The onset of The Agility Era has meant an increase in demands and expectations for ad agencies across the board. With a highnumber of projects and increased demands from clients and internal stakeholders, creative agencies need to be on the top of their game now more than ever. Out with the slow-moving and reliable AOR paradigm, in with the fast-paced per-project working model that dominates today’s ad industry. Along similar lines, while the emergence of digital media has opened up various online avenues for advertising, it has also sped up turnaround times. Jobs that would have been formerly delivered in five months are now expected in less than five weeks. Quicker turnaround times mean that jobs must be even more tightly organized with clearer communication between each part. 

Today, only with an effective Agency Management ERP solution can such demands for efficiency and productivity be met. Importantly, these ERP solutions work the way an agency works, providing simplicity for creatives, flexibility for client-facing teams, and control for finance. These customized ERPs help to manage the entire creative process, from engaging with clients to planning a job, scheduling resources, and project delivery through to billing and reporting on profits and utilization. Agencies ultimately deliver better client results, achieve higher margins, and make work more enjoyable for everyone with ERP software—whether an independent platform or as an integrated solution.

Why use BORN?

BORN Group’s Management ERP solution is unique in that it brings together the basic components of an effective ERP software tool (top-level organization, bottom-level oversight, and synchronization between key business areas) with ad agency project management features (communication and scheduling tools, time entry and invoices, and collaboration tools). By combining these key areas of business, project, and resource management, BORN’s Agency Management ERP remains the top choice for ad agencies worldwide.
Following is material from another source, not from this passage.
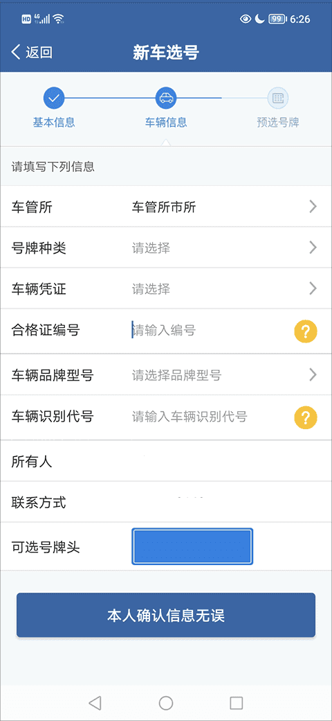 最后,填写车辆信息,找到并点击“本人确认信息无误”按键后即可开始摇号。

From a high-level view, BORN’s competitive Agency Management ERP solution brings you:

  1. Project and Resource Management – flexible and easy to use, this component accounts for the day-to-day management of jobs, people, and the creative process.
  2. Financial Management – this component provides complete visibility and control over budgets, finances, and compliance.
  3. Social Collaboration – streamlines communication for jobs across key departments and business areas and in order to drive delivery and meet client expectations.
  4. CRM Scalability – monitor the needs of each client more accurately by tracking resources, costs, and customer satisfaction.
  5. Manage Leads – keep track of lead generation through built-in CRM integration and lead management tools.

As noted above, these enhancements also lead directly to customer loyalty, increased revenues, reduced overall costs, and data security. Additionally, BORN’s solution has been shown to lead to increases in customer loyalty, which can be invaluable for ad agencies working in The Agility Era. Overall, BORN’s Agency Management ERP is a highly effective solution for creative organizations working in today’s fast-paced advertising industry.